Friday, October 26, 2007

Bush Breaks Into White House Wine Cellar

Harold James Hoey has worked in the White House since the second inauguration of President Ronald Reagan back in January of 1984. President Reagan had greeted Harold just once as part of the new staff that Reagan had hired for his second term. Harold was an African American, and he was one of thirteen new African American employees on the White House staff. Since that time, Harold is the only remaining African American holdover from the original Reagan thirteen.

Harold had a simple but important job. He was on the night staff and worked the several floors that formed the basement and sub-basement to the executive complex. There were three sub-basements under the White House, one of which was connected to a corridor that led under the White House lawn to the Old Executive Office Building. The corridor was under constant surveillance and had four Marine guards at each of the two entrances, one at the White House and the other at the Executive Office Building. Harold James Hoey was not permitted to enter the White House in any manner except for the underground corridor. This was not always true. Reagan had permitted Harold Hoey and the new staff at the time to enter the White House like kings through the same entrance as international dignitaries and Congressional guests. This practice continued until the Summer of 2000 when Vice President Dick Cheney changed the White House access protocol. Instead of entering the White House like royalty, Harold now entered it like a rat in a sewer. But he did not complain. Harold James Hoey, who was 42 years old at the time he was hired by Reagan, was now 65 years old, and he feared that any complaints uttered would certainly get him layed off into forced retirement.

Indeed, Harold’s job description had slowly changed over the years. Originally, Harold was responsible for organizing and cleaning the three sub-basement floors and monitoring the various rooms and hallways for the specific purpose of making certain things looked neat. If there was something out of place, it was Harold’s job to either make it right or report it, certainly if there was anything odd about it he had to report it, like when a red Lands End backpack was left ominously in the middle of Corridor D. It would not have been so ominous, but the initials embroidered on the backpack were “DTH.” Harold knew that if you remove the vowels from the word “death” you get “dth.” So he called up to one of the Marine stations and the bomb squad arrived in four minutes. It was filled with a pocket dictionary, a paperback James Patterson Alex Cross mystery novel, a cell phone and a Filofax. The “DTH” were the initials of David Theodore Howard, the son of Thomas Howard, a White House staff member. Thomas Howard was reading the Patterson paperback. No bomb. A false alarm. Those were the exciting days. But no longer. Because Harold James Hoey was no assigned to one task and one task only: to clean up and wash the dirty dishes of all White House meals. Most of these dishes accumulated thoughout the day, and they made their way down to the kitchen that was on first, that is the highest, sub-basement floor. The sub-basement kitchen was one of three in the White House, but it was the kitchen that contained the wine cellar and the walk-in refrigerator/freezer. This is where Harold James Hoey at 2:30 in the morning on Thursday, October 11, 2007 met George W. Bush.

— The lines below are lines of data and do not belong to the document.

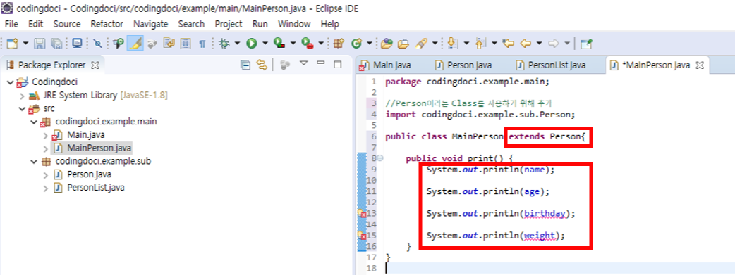 그래서 MainPerson 클래스에서는 name, age, birthday, weight의 변수를 선언하는 부분이 없음에도 불구하고,
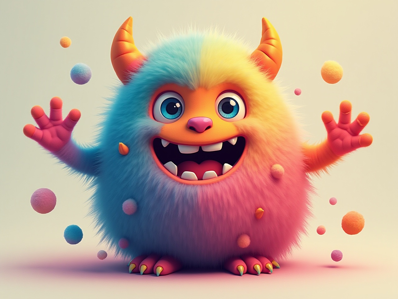A cheerful monster with colorful fur and big eyes stands with arms raised, surrounded by colorful floating spheres in a whimsical design.
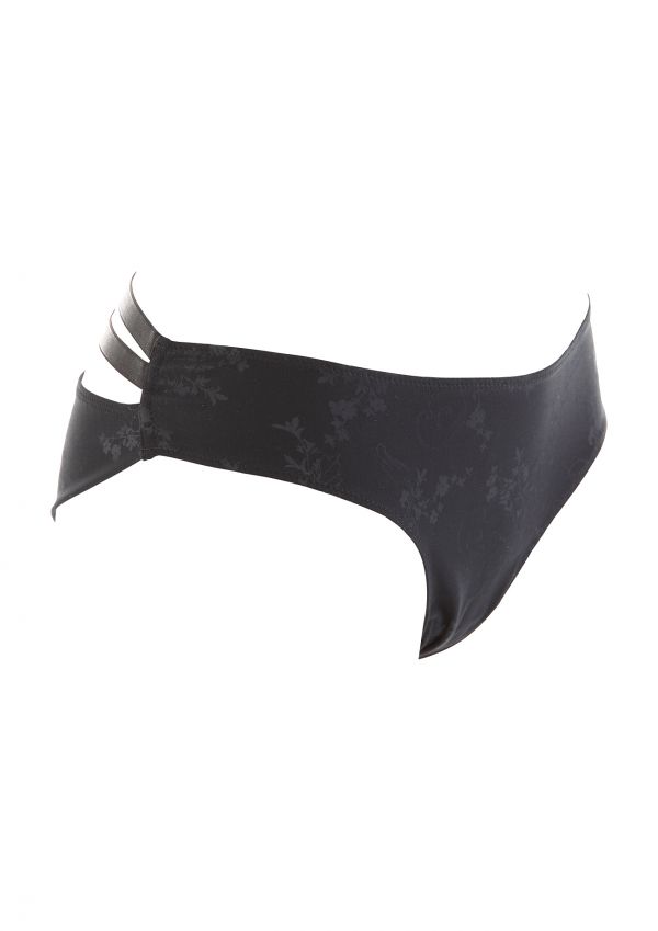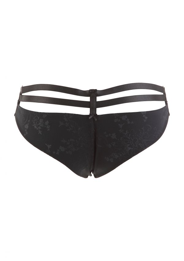 Classically sexy and seductive, this stylish jet black brief has a beautiful feminine tone-on-tone floral design. Featuring a modern strap design on the back.
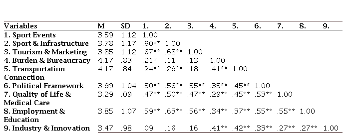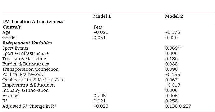 A series of hierarchical regression analyses was conducted to test for H1-H9 (Figure 1). The controls (i.e., Age, Gender, Educa-tion and Nationality) were entered into the first block (Model 1) and the predictors were entered into the second block (Model 2). The findings of the regression analyses are reported in Table 4. Sport Events positively affected the Attractiveness of Location (β = .369, p < .01, H1 supported). Attractiveness did not affect Sport & Infrastructure, Tourism & Marketing, Burden & Bureaucracy, Transport Links, Political Framework, Quality of Life & Medical Care, Employment & Education and Industry & Innovation (see Table 4, H2-H9 not supported). The control variables did not significantly affect the dependent variables (overall construct, . = 4.059, SD = .959)
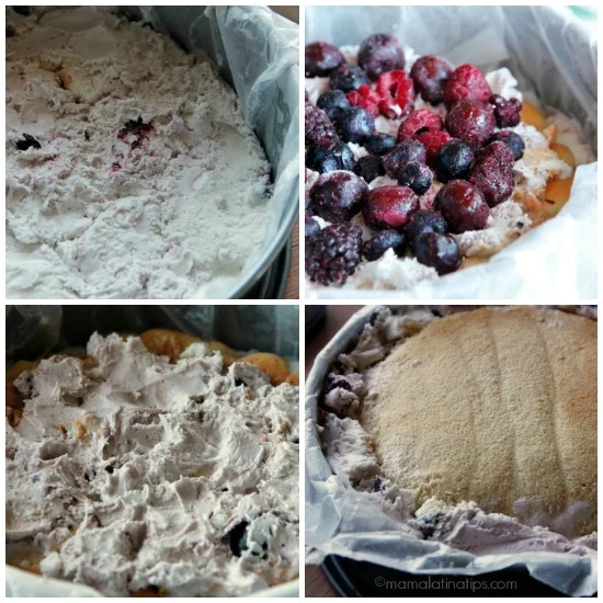 Después de las 8 horas. Engrasa el molde springform (esto ayuda a que el pastel se pegue al molde) y cubre el fondo y paredes con papel encerado. Agrega una capa de 1/2 pulgada de helado Breyers® Cherry Vanilla en el fondo. Toma uno de los pasteles y con un movimiento rápido voltéalo sobre el helado, despega el papel pergamino que seguro está sobre él. Asegúrate de que el pastel está en el centro. Esparce otra capa delgada de helado sobre el pastel, luego añade una capa de frutillas congeladas Dole® Cherry Berry Blend. Cubre con el segundo pastel y luego llena el espacio entre el pastel y las paredes del molde con más helado.
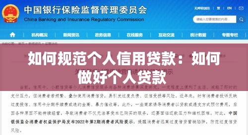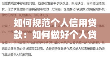 如何规范个人信用贷款:如何做好个人贷款
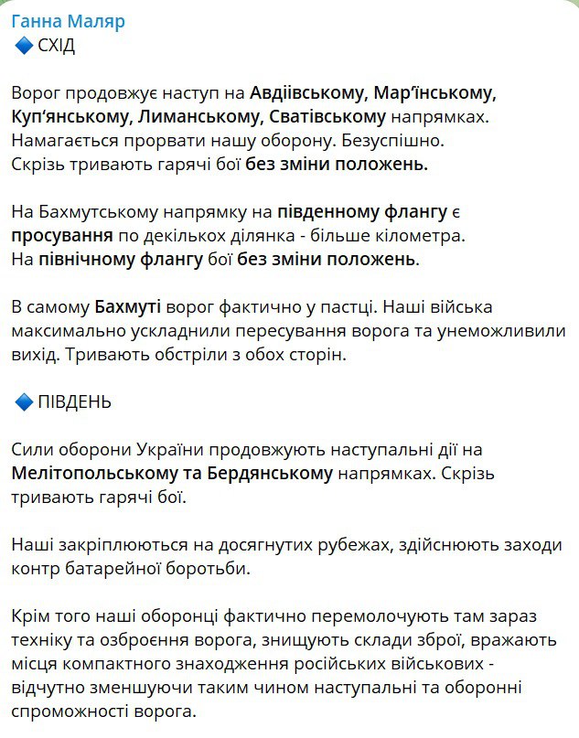 Маляр сообщила, что в самом Бахмуте россияне находятся фактически в ловушке. ВСУ "максимально усложнили" их передвижение и сделали невозможным выход.
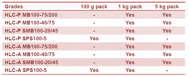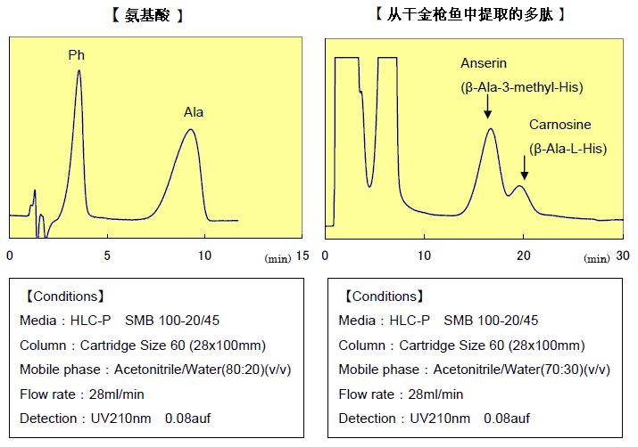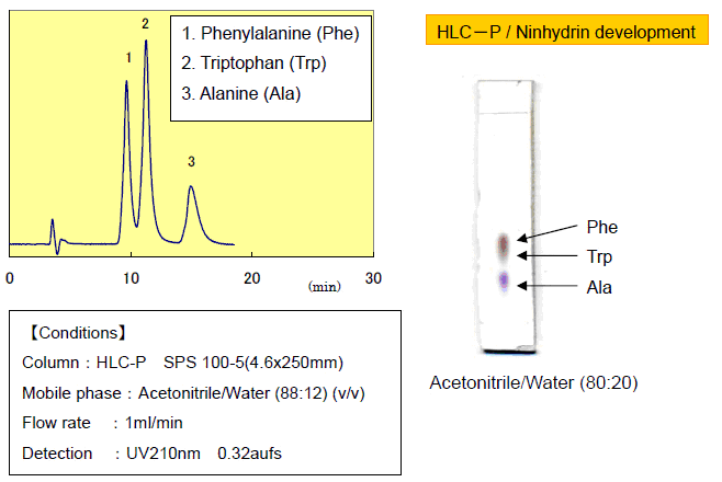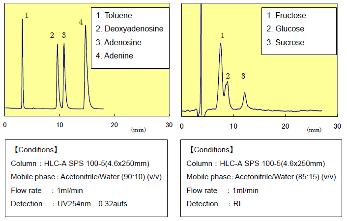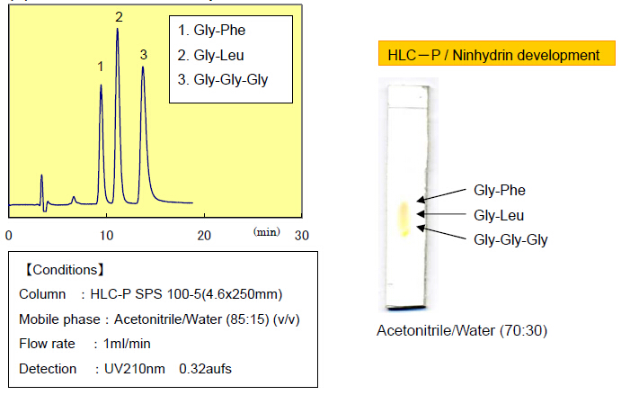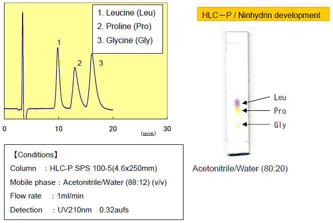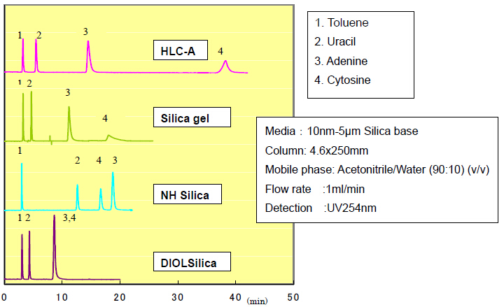 ????因此,對于極性化合物的洗脫,HILIC模式和反相模式是互補的。富士硅化學有限公司開發(fā)了兩款HILIC模式的填料,命名為“HLC”硅膠。兩種HLC硅膠都含有兩性的官能團,共價鍵合在硅膠表面?!?/span>HLC-A”用于分離純化有機酸、核酸和糖類;“HLC-P”用于分離氨基酸、多肽。

Bush arrived in a pale blue terry cloth bathrobe and walking in fire-engine red plastic Crocs with a small American flag pegged into one of the holes in the head of his left Croc. Harold was washing dishes in the large aluminum sink that was on an island in the middle of the kitchen. The sink was hung from a butcher block counter. Harold did not recognize the President at first. he thought it was a homeless person that had wandered into the kitchen, as impossible as that would be.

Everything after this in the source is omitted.